Profit assurance, modern day

I recently decided that, given my various VoIP experiments, and the resulting affect on number of cell minutes I was using, that it was high time I ditched the expensive, though gadget-friendly cell-phone service plan I'd been living with.

My solution was to find a decent replacement. At the rate I was paying, I'll come out multiple hundreds of dollars ahead on the year using a phone like this for my mobile cavorting. And, with fun automated dialing hacks, who needs to give anyone their cellphone number anymore anyway?

Unfortunately, pay-as-you-go phones come at a price... they are sold without credit checks, so there tends to be a lot more, er, scrutiny, in transactions associated with them. When I went to T-Mo's website tonight to put my first recharge on the phone's minutes, I wasn't expecting nearly the process that follows.

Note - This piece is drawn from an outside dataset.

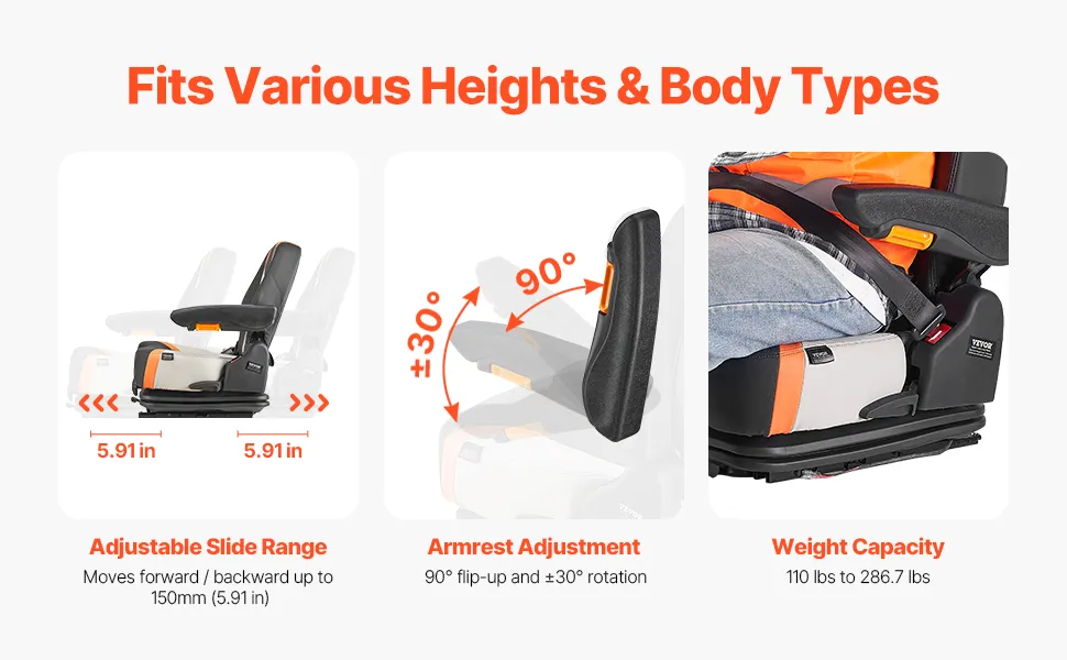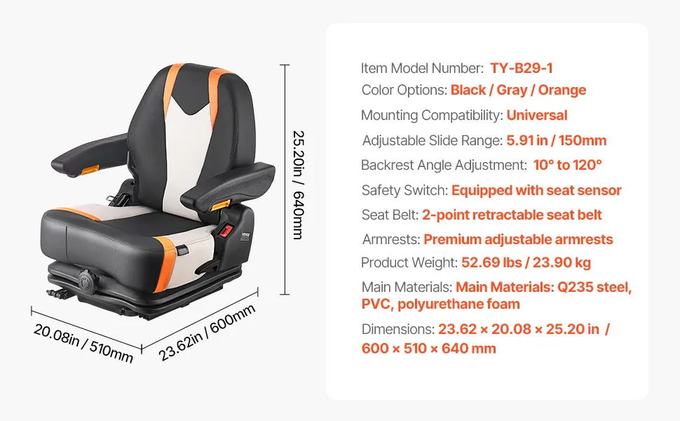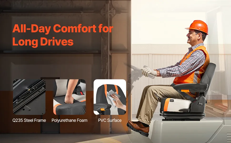 Dieser Sitz ist ideal für Gabelstapler, Mäher, Traktoren und Bagger und gewährleistet Komfort und Sicherheit in verschiedenen Arbeitsumgebungen.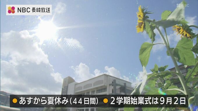 夏休みは44日間!ほとんどの小学校で終業式【長崎市】 2024年7月19日(金) 12:16 国内 19日、長崎県内ほとんどの小学校で、1学期の終業式が行われました。全校児童233人の長崎市の稲佐小学校です。岡田政宏校長は、『夏休みは興味があることにとことん取り組んでほしい』と挨拶。児童代表の2人が1学期…

  1. Fill out form on website. Technically, anyone who wants to can buy me cell minutes, if they know my cell number. Of course, you'd have to go through the rest of this process, too.
  2. As a matter of course when filling out the online requests, you, as payer (not as recipient of minutes) are asked for a number you'll be reachable at during the next hour, for “fullfillment” purposes. I assumed this meant a number they could use if the destination phone number for credit was wrong. Not so...
  3. After waiting almost 2 hours, and wondering where my $100 had just gone, I called the number provided in the “confirmation” page from the website:
    1. Identify self.
    2. Explain what has happened (or rather, hasn't).
    3. Get put on hold while the friendly representative checks to see if he can find the “representative” who was handling my order.
    4. “That representative is busy, I'm going to help you”
    5. Round one of personal credit questions. Check address. Check partial SSN (mind you, I've never given T-Mo, or the web order form, any of this information - so it seems a little odd that they even can corroborate such information). At this point, I ask who I'm talking to, since I don't normally start handing out SSN info without knowing why. The guy sounds totally understanding, and explains he works for a company that does these kinds of checks for several other companies in the business... I think he said “Besta”, but I'm having a hard time pulling up a Google reference. In the very least, they handle Cingular and T-Mobile, though I think he mentioned others, as well.
    6. After providing the basics, I'm put on hold again. In another minute or two, the guy comes back. This time, he's asking questions that could only have been pulled from my credit record.... only, in a very interesting format. One of the questions identified where I had had a previous address. The question was “Answer yes or no to the following question” followed by the names of several counties (all in the general vicinity of previous addresses of mine, though scattered around two of the previous states I've lived in). After passing that question, I was asked an age-range question regarding someone who I'm closely related to... same format, “24-31”, “31-45”, etc. Pick the right answer. Not hard, amusing for the way they build in the ability for people to answer correctly, without having to remember/know the exact details anymore. Contrast this to Safeway who's always asking me my telephone number. Like I remember exactly which telephone number I've ever given to Safeway?
    7. After all of that, my payment was processed immediately, and I was assured that future transactions using the same card would go through without delay.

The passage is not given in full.